▶ [Supplied records]:
*** Begin section ***

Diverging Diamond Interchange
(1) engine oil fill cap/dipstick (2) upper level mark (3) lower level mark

*** End section ***
*** Begin section ***

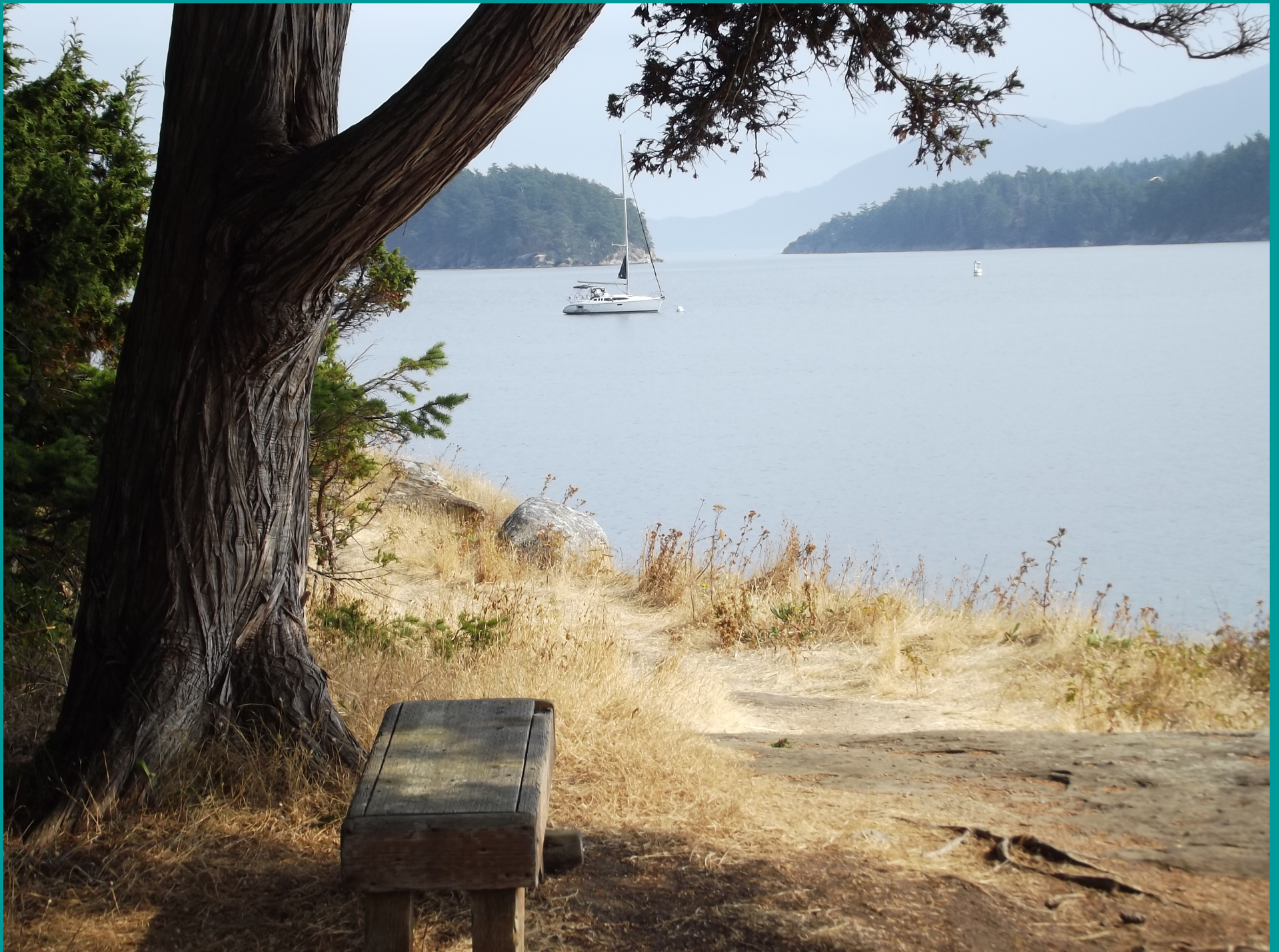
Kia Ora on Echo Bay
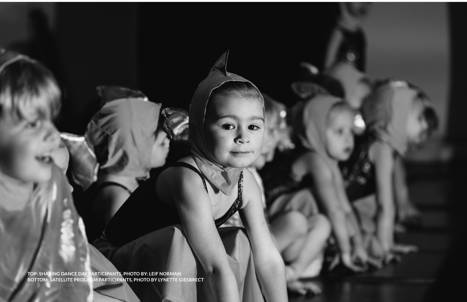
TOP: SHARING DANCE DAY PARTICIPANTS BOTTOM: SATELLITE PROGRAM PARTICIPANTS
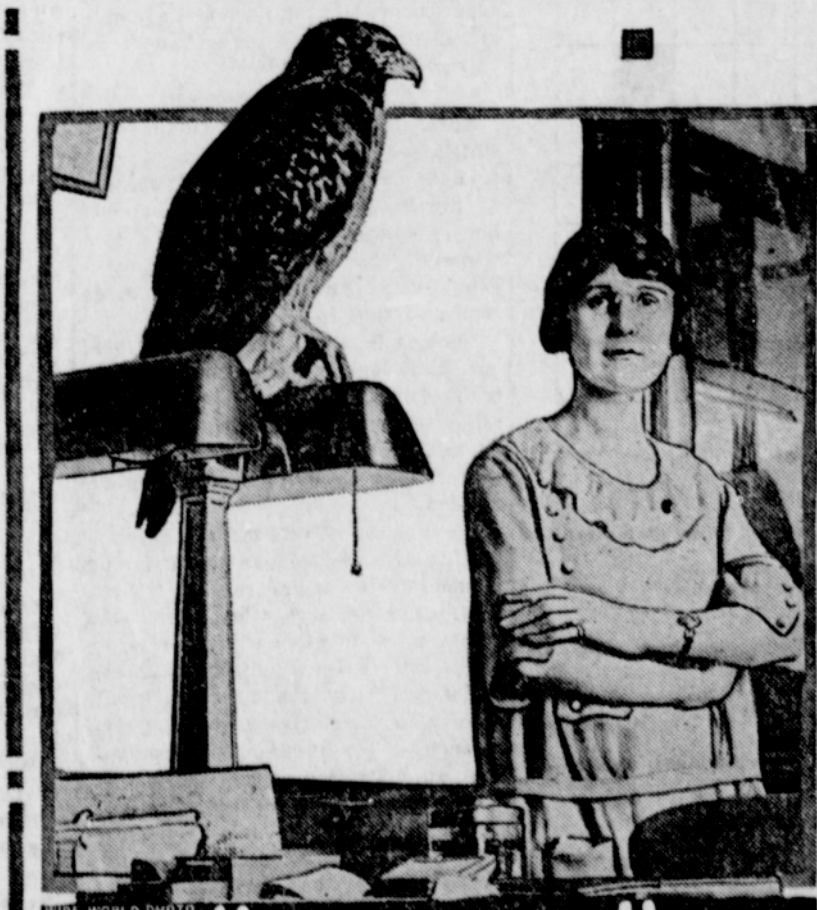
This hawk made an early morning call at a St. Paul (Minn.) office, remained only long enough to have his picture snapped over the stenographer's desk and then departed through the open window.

*** End section ***

▶ [What is required]:
Beginning at the line above that contains "Diverging Diamond Interchange", return each line exactly through the line that contains "(1) engine oil", and no others.

▶ [Answer to this problem]:
Diverging Diamond Interchange
(1) engine oil fill cap/dipstick (2) upper level mark (3) lower level mark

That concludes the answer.